You can skip: The Prime Minister—Book 5 of Trollope’s 6-book Palliser series, and uncharacteristically joyless and tough to slog through. Hey—when you write 50-plus novels, there are bound to be some clunkers!
My favorite: A close call between Barchester Towers and The Way We Live Now. But I’ll say The Way We Live Now, because its well-told tale of financial chicanery is—despite having been written 140 years ago—truly timeless, making it one of the most aptly titled novels of all times.

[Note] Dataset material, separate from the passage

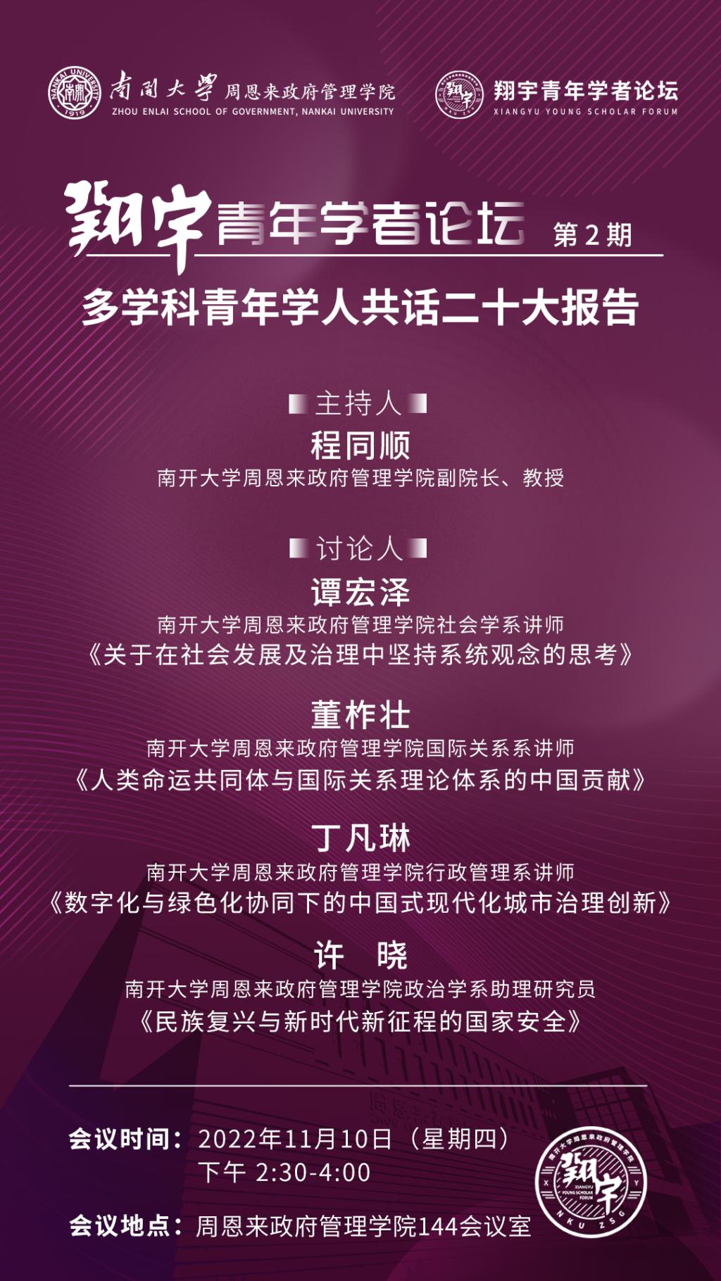 “翔宇青年学者论坛”(简称“翔宇”论坛),开启于党的二十大胜利召开之际,是必威betway西汉姆联为青年学者搭建的学术交流平台。“翔宇”论坛以南开最杰出校友周恩来的字号“翔宇”为名,力图以恩来师长为榜样,以允公允能为宗旨,以经世致用做原则,鼓励青年学者将学问作在祖国大地上。论坛采用讲座报告、学术对话、经验分享、专家讲授等多种形式,鼓励具有不同学科背景的青年学者交流切磋、倡导学科交叉互动、致力于打破学科间藩篱、追踪学术发展最新前沿,以为探寻中国自主知识体系构建和国家民族发展,做出力所能及之贡献。

Gwen Cooper is the New York Times bestselling author of the memoirs Homer's Odyssey: A Fearless Feline Tale, or How I Learned About Love and Life with a Blind Wonder Cat; My Life in a Cat House: True Tales of Love, Laughter, and Living with Five Felines; and Spray Anything, among numerous other titles. Her work has been published in more than two-dozen languages. She is a frequent speaker at shelter fundraisers, donates 10% of her royalties from Homer's Odyssey to organizations that serve abused, abandoned, and disabled animals, and has raised nearly $1,000,000 for rescue organizations worldwide. Her forthcoming “Homer Whodunit” cozy mystery series debuts in July 2020 with Book #1: You Only Live Nine Times. Gwen lives in New Jersey with her husband, Laurence. She also lives with her two perfect cats--Clayton "the Tripod" and his litter-mate, Fanny--who aren't impressed with any of it.